Watson & Holmes: A Naturalistic Benchmark for Comparing Human and LLM Reasoning
This provides a more realistic benchmark for comparing AI and human reasoning, though it is incremental as it builds on existing game-based evaluation methods.
The authors tackled the problem of evaluating AI reasoning in naturalistic contexts by adapting the Watson & Holmes detective game as a benchmark, showing that AI model performance improved from the lower quartile to the top 5% of human performance over nine months in 2025.
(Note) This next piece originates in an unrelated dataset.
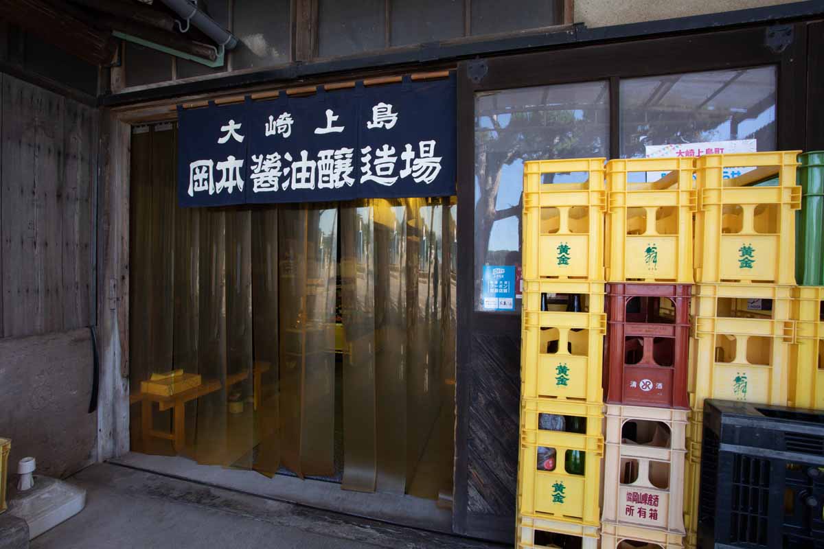 電動スクーターで3分ほど移動し、創業昭和9年(1934)の老舗の醤油蔵「岡本醤油醸造場」へ。大崎上島の地形を生かして昔ながらの製法を続けています。併設する直売所では醤油や味噌の購入が可能。事前予約すれば蔵の見学(無料、所要30分〜)ができるのでぜひ旅のプランに盛り込みましょう。

Existing benchmarks for AI reasoning provide limited insight into how closely these capabilities resemble human reasoning in naturalistic contexts. We present an adaptation of the Watson & Holmes detective tabletop game as a new benchmark designed to evaluate reasoning performance using incrementally presented narrative evidence, open-ended questions and unconstrained language responses. An automated grading system was developed and validated against human assessors to enable scalable and replicable performance evaluation. Results show a clear improvement in AI model performance over time. Over nine months of 2025, model performance rose from the lower quartile of the human comparison group to approximately the top 5%. Around half of this improvement reflects steady advancement across successive model releases, while the remainder corresponds to a marked step change associated with reasoning-oriented model architectures. Systematic differences in the performance of AI models compared to humans, dependent on features of the specific detection puzzle, were mostly absent with the exception of a fall in performance for models when solving longer cases (case lengths being in the range of 1900-4000 words), and an advantage at inductive reasoning for reasoning models at early stages of case solving when evidence was scant.